Conversely, if no planning is carried out, any gain would attract a US tax rate of 23.8%, being 20% long term CGT plus 3.8% Net Investment Income Tax (NIIT). Please note that NIIT is not due on the sale of business assets, but it is due on the sale of shares, including those in privately owned companies.

With the US Global Intangible Low-Taxed Income (GILTI) tax in place since 2018, US owners of foreign businesses should seek advice on how their position is affected by the UK corporation tax rates, which include the main rate on companies with profits over £250,000 being set at 25%.

What should you do?

If you’re a US owner of a foreign business, you should consider the implications that the 2018 US tax reform has on your global tax bill. There are some additional tax considerations now, such as the GILTI tax, which may make it necessary for you to consider elections that would mean the company is treated as transparent or treated as a US company. There are also a number of other tax mitigation techniques in this realm to consider.

UK Inheritance Tax (IHT)

The figures below show that tax planning around UK IHT can save you up to circa $10million (for a married couple) if you’re not yet fully subject to UK IHT but might become fully subject to UK IHT. Here are the key differences with the UK and US estate tax regimes:

Tax regime Tax rate Estate threshold Threshold for a married couple
UK IHT (2023/24) 40% £325,000 £650,000*
US Estate Tax (2024) 40% $13,610,000 $27,220,000

* the family home allowance may increase this threshold over time up to £1million.

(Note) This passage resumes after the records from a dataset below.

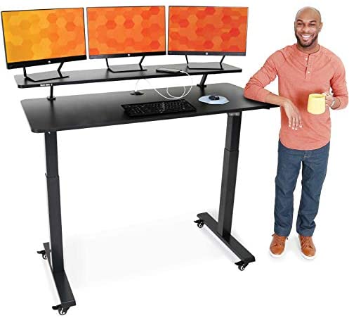 • Stand Steady Tranzendesk Power | 55 Inch Electric Standing Desk with Built-In Charging | Height Adjustable Stand Up Desk with Clamp On Shelf | Electronic Desk with 1 AC Outlet & 2 USB Ports (55/Black)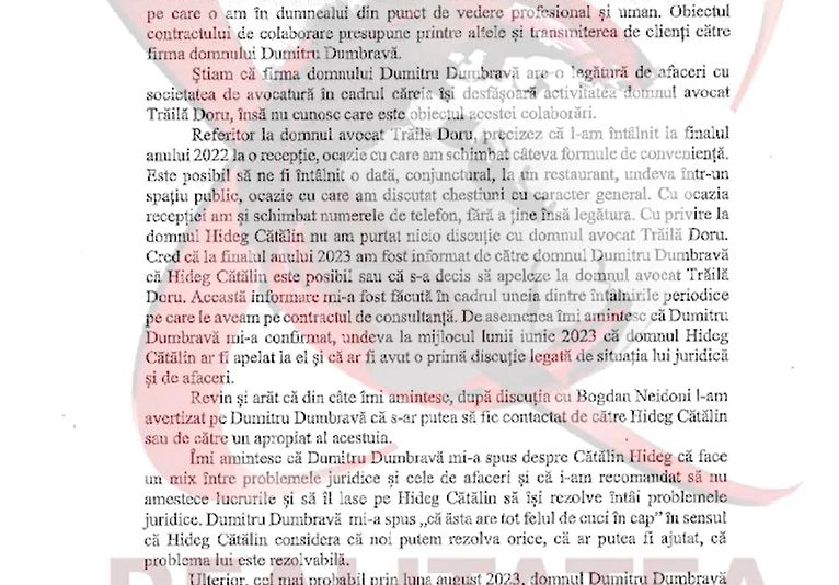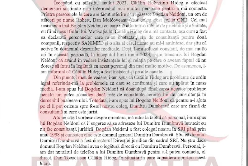 Cătălin Hideg: "Dl.Coldea spune că eu m-am dus la Dumitru Dumbravă înainte de a mă întâlni cu dânsul. Deci prima dată m-am întâlnit cu Florian Coldea la un restaurant, după care dânsul i-a dat OK-ul lui Neidoni, Neidoni l-a sunat pe Tocaci, care a vorbit cu Dumbravă care a stabilit prima întâlnire (cu Hideg - n.r.)".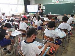 <3年2組> 社会科の授業におじゃましました。予定していたスーパーマーケットの見学が中止となっていましたが、今回、スーパーさんのご厚意で、スーパーの紹介教材をご提供いただきました。スーパーの店長さん自ら製作してくださったそうで、感謝しかありません。早速、その教材を使って学習をしていました。写真あり、クイズありで、子供たちの視線は釘付けでした。予定していた見学では、お店の中には入らない予定でしたから、見学以上に、勉強になりました。スーパーマーケットの皆様、お忙しい中教材を作成していただき、ありがとうございました。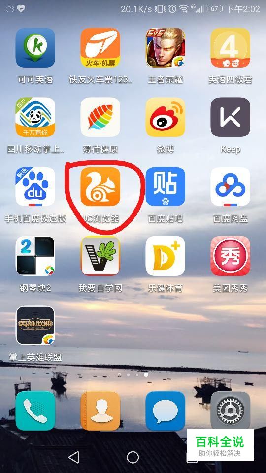 首先点击手机屏幕上的“UC浏览器”,如图所示。

Planning involving trusts to mitigate UK IHT can work effectively for a US taxpayer. Large gifts can be made into an excluded property trust before an individual becomes deemed domiciled. Final regulations have been issued in the US confirming that large gifts made between 2018 and 2025 (when the current estate/gift tax threshold expires) will not lose their tax benefit once the threshold decreases after 2025.

It’s important to consider the Income Tax and Capital Gains Tax (CGT) rules in the US and UK when setting up an excluded property trust, to ensure there is no double taxation. For instance, it might be a good idea in some cases to taint the trust, so that it loses its protected status for UK tax purposes, in order to avoid paying double tax.

Gifts to a charity can be effective from an Income Tax and IHT perspective, but the recipient will need to be to a dual-qualified charity to ensure that this is tax efficient, in both the US and the UK. Furthermore, with changes in the US relating to itemised and standard deductions, it could be that clustering charitable contributions into certain tax years would be more effective. You may also consider using a Donor Advised Fund that has a US/UK dual-qualified status.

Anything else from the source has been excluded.